The basic idea of filtering, a.k.a. state estimation, goes like this. There is some state $X(t)$, of which we observe a noisy function $Y$. Assuming the dynamics of the hidden state is known, and we have a sequence of observations of $Y$, how should we estimate $X$? That is, what filter should we apply to the $Y$ signal to recover the state? In the 1940s, Norbert Wiener and Andrei Kolmogorov (independently) found the solution which gives the optimal linear, time-invariant filter. In the early 1960s, Kalman and Bucy (together) found the optimal filter for systems with linear dynamics and Gaussian noise, and later that decade Stratonovich and Kushner (independently) solved the problem of the optimal nonlinear filter, which gives not just a point-estimate (like the Wiener or Kalman filters), but the whole probability distribution of the state conditional on all previous observations. Their nonlinear filter has the very nice property that it's recursive, meaning that our estimate at time $t+1$ is a function of our estimate at time $t$ and the new observation we take at $t+1$ --- we don't need to keep around the entire previous measurement history. There's been a lot of work on this theory in probabiliy and stochastics (see e.g. this site by R. W. R Darling, who has some nice papers on the uses of differential geometry in filtering), but people in nonlinear dynamics don't attend to it much.

Bröcker and Parlitz's paper is a nice illustration of why we should: it lets us solve some tricky problems! In particular they give a very nice analysis of some of the recently-popular schemes for encoding bits into dynamical systems, which has applications in communications and especially cryptography. Despite a few lapses in English grammar, this is a very well-written and well-laid-out paper, moving from a broad overview of the problems of communication theory, and the differences between the Shannon and the Wiener approaches thereto, to nonlinear filtering and applications, and even including, as an appendix, a review of the basics of the ergodic theory of Markov processes.

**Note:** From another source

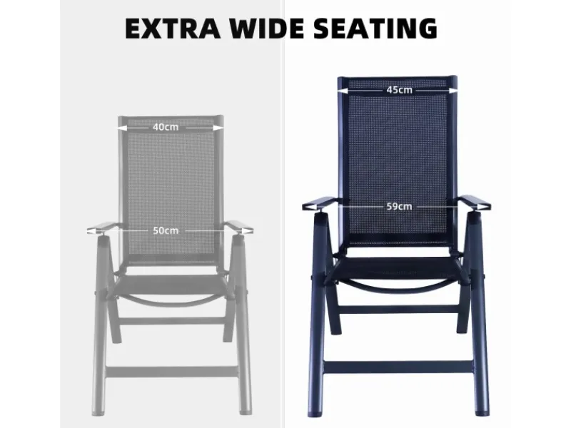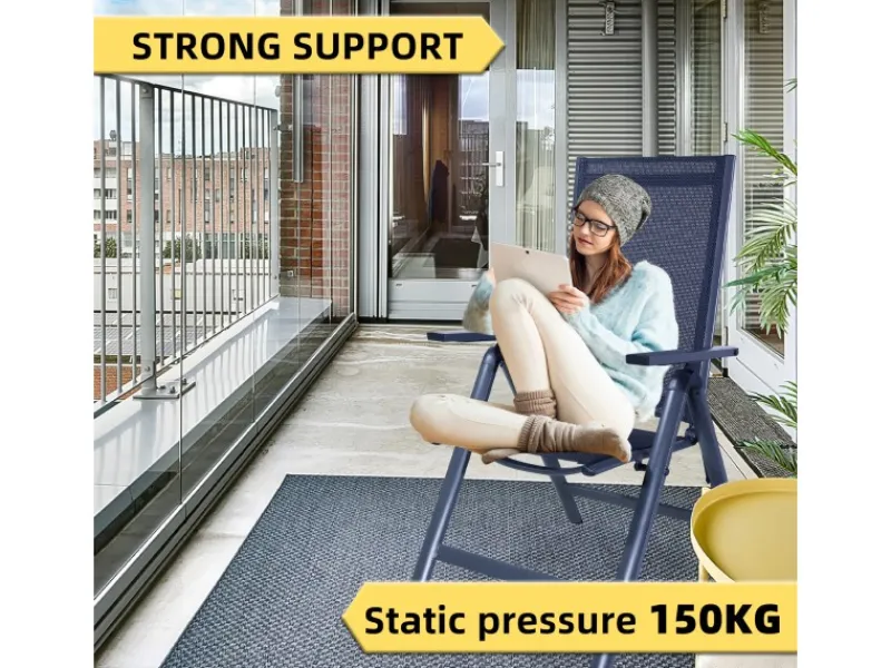 Die Rückenlehnen und Sitzflächen der Stühle sind aus hochwertigem Teslin-Gewebe gefertigt, das für Komfort, Atmungsaktivität, schnelles Trocknen und einfache Reinigung sorgt und sich somit perfekt für Außenbereiche wie Terrassen, Pools, Balkone usw. eignet. Außerdem lässt sich die Rückenlehne des Stuhls in bis zu 7 Positionen verstellen, so dass Sie sich bequem entspannen können.
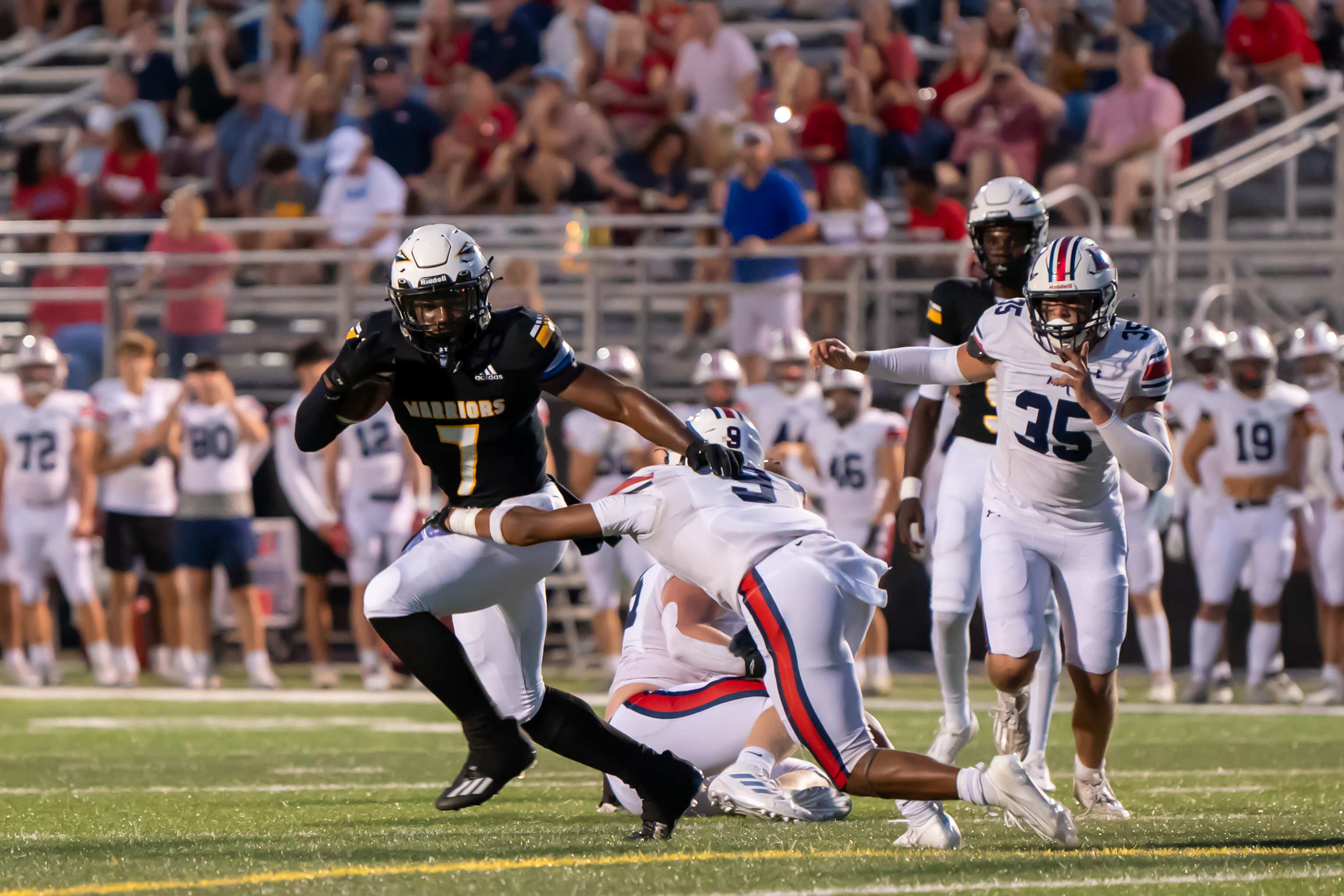 On the ensuing drive for MRA (4-2), White diced through the Warrior defense with over-the-middle throws, sideline throws and swing passes to lead MRA on their second straight scoring drive. The drive finished with Patriots running back Charles Simpson breaking three tackles and scoring on a seven-yard rushing touchdown.

Gregory L. Eyink, "A Variational Formulation of Optimal Nonlinear Estimation", physics/0011049

While on the subject of nonlinear filtering, this somewhat older paper includes a very nice introduction to the problem and the Stratonovich-Kushner solution, as well as proposing a tractable numerical approximation scheme. In addition to straight-forward applications to our problems, complex-systems wallahs should be interested in the (sound) analogies Eyink draws to non-equilibrium statistical mechanics and turbulence.

Vladimir K. Vanag and Irving R. Epstein, "Segmented spiral waves in a reaction-diffusion system", Proceedings of the National Academy of Sciences (USA) 100 (2003): 14635--14638 [link]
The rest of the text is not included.